These hubs feature an eccentric axle mount, finally allowing easy conversion of your existing mountain or road bike to singlespeed or fixed gear without the need for kludgy chain tensioners, even if you've got vertical dropouts!
They are available in 135, 130 and 126 spacings, and feature a 47.5 mm chain line (lines up with the middle ring of a standard MTB crankset, or with the cog flipped over, it will line up with the outer ring of a typical road double.
Exclusively for use with White Ind. splined fixed gear cogs.
This design eliminates cross threading and cog movement. The cog fits securely in place with White Ind's precision machined spline system.
Use any standard thread lockring to secure cog. Freewheel side will take any standard thread freewheel.
The ENO hub is designed for a 47.5 mm chainline, which matches the middle position of a typical MTNB triple crank.
A typical "road" double gives about a 46 mm chainline with the standard bottom bracket, which is a decent match. Ideally, you would want to adjust the chainline to be perfect, though.

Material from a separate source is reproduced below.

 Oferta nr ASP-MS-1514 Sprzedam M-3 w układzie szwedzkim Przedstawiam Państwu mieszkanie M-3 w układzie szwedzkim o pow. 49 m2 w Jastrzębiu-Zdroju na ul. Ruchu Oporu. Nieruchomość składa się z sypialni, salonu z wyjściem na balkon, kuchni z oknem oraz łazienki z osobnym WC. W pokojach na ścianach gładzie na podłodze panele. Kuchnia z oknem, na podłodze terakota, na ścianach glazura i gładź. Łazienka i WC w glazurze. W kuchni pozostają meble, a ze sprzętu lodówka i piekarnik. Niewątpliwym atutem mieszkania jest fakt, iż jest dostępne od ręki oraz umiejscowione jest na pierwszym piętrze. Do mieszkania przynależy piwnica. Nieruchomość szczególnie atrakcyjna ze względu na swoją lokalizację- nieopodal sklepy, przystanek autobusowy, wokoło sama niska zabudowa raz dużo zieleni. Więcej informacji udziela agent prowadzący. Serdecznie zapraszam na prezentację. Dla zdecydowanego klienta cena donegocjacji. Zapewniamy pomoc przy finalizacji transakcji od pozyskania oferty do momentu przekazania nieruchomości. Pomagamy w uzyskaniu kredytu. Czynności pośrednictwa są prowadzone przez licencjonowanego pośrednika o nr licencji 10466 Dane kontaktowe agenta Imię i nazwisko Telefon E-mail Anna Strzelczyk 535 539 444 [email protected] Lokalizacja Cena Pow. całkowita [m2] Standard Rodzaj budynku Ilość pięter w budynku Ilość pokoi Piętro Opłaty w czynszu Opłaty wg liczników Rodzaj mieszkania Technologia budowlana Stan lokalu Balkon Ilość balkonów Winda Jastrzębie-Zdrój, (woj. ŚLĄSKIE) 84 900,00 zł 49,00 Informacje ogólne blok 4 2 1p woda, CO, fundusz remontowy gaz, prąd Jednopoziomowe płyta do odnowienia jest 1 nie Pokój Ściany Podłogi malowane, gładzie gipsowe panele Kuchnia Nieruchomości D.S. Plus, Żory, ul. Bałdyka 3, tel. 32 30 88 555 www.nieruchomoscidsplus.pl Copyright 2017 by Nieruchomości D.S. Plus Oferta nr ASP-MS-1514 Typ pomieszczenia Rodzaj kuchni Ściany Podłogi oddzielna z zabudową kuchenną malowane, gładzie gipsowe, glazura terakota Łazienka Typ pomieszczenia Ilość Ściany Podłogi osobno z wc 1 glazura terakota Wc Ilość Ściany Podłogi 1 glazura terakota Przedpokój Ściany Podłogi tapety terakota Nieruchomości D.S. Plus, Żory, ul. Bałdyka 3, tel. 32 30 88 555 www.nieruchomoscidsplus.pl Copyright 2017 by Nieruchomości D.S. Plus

The Sugino RD crank we feature gives 47.5 chainline when used with a common Shimano 110 bottom bracket, so if you need to buy a crankset anyway, this would be a great combination. The ENO hub uses an oversized aluminum axle with stainless steel ends that fit into the axle. The ENO comes equipped with two sealed cartridge bearings and is available in 32 and 36 hole versions.

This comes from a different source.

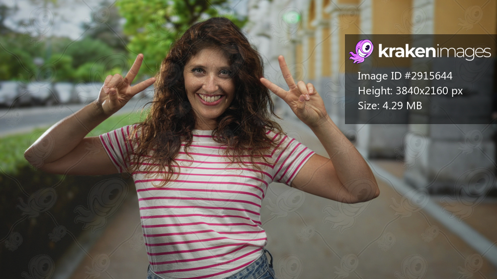 Woman smiling and showing peace signs with both hands on a city street with building columns and sidewalk, wearing striped shirt and jeans; youthful energy joy. - Kraken Images

The eccentric axle provides a total adjustment of range of 15 mm. Each tooth added or subtracted to your drive train requires that the axle move 1/8" (3 mm) backward or forward.
Most folks find that the best setup is to use a fixed gear two teeth smaller than the freewheel gear. The idea is to use the fixed gear for general riding, and to keep the lower freewheel gear in reserve for longer rides, steeper terrain, or when you're just plum tuckered out. The lower gear will make the climbs easier, and the freewheeling feature will let you rest on the downhills, but you'll be slower on the flats.
Note that the offset will effectively raise or lower the rear end of the bike a bit, and will move the rim downward or upward with respect to your rear brake, if you use one, so some adjustment may be required, and some frame/brake combinations may not work.
The eccentric axle caps sometimes interfere with use of a freewheel remover to unscrew a single-speed freewheel from the White Industries eccentric hub.
If you have a problem with this, the solution is to temporarily remove the axle cap from the hub.
The axle cap is held on by a single recessed Allen bolt (4 mm wrench size) that screws down into the centerline of the axle. Once you remove this bolt, the axle cap can be pulled off. The axle cap is usually a snug fit, and takes a fairly strong pull to remove. It is hard to get a good enough grip on it to pull it off, so here's the trick:
Once the small Allen bolt has been removed, use the larger main Allen bolt (the one that holds the hub to the frame dropout) to bolt a convenient-sized box wrench against the axle cap. The wrench will act as a "handle", and a bit of rocking and pulling will get the cap off with no problem.